## TASK ITEM
Only the lines below between the ones containing "Heaven Blue Metallic" and "New Beetle New Beetle Convertible Rabbit", inclusive, are to be reproduced, each exactly as it stands.
[Opening SUPPLIED RECORDS section]
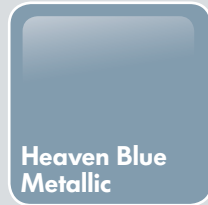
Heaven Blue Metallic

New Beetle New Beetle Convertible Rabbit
[Closing SUPPLIED RECORDS section]
[Opening SUPPLIED RECORDS section]
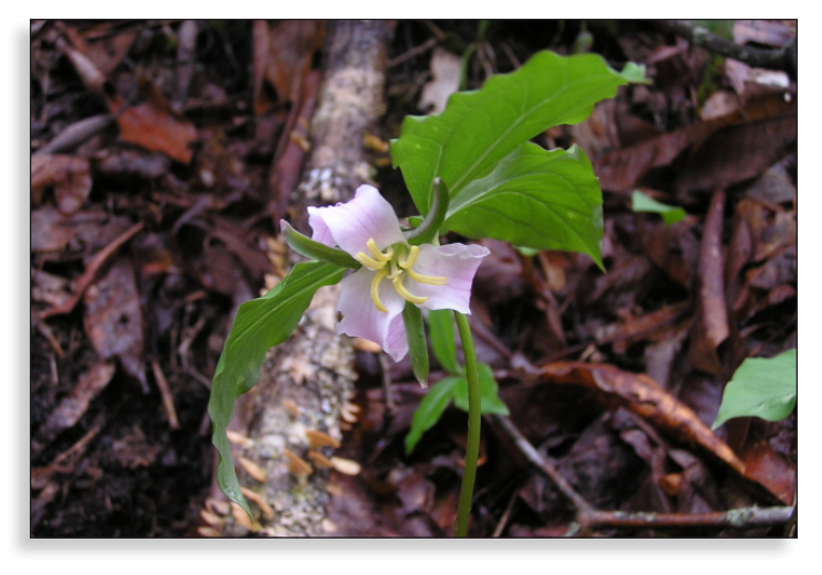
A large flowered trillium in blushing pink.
[Closing SUPPLIED RECORDS section]
## OUTPUT FOR THIS TASK
Heaven Blue Metallic

New Beetle New Beetle Convertible Rabbit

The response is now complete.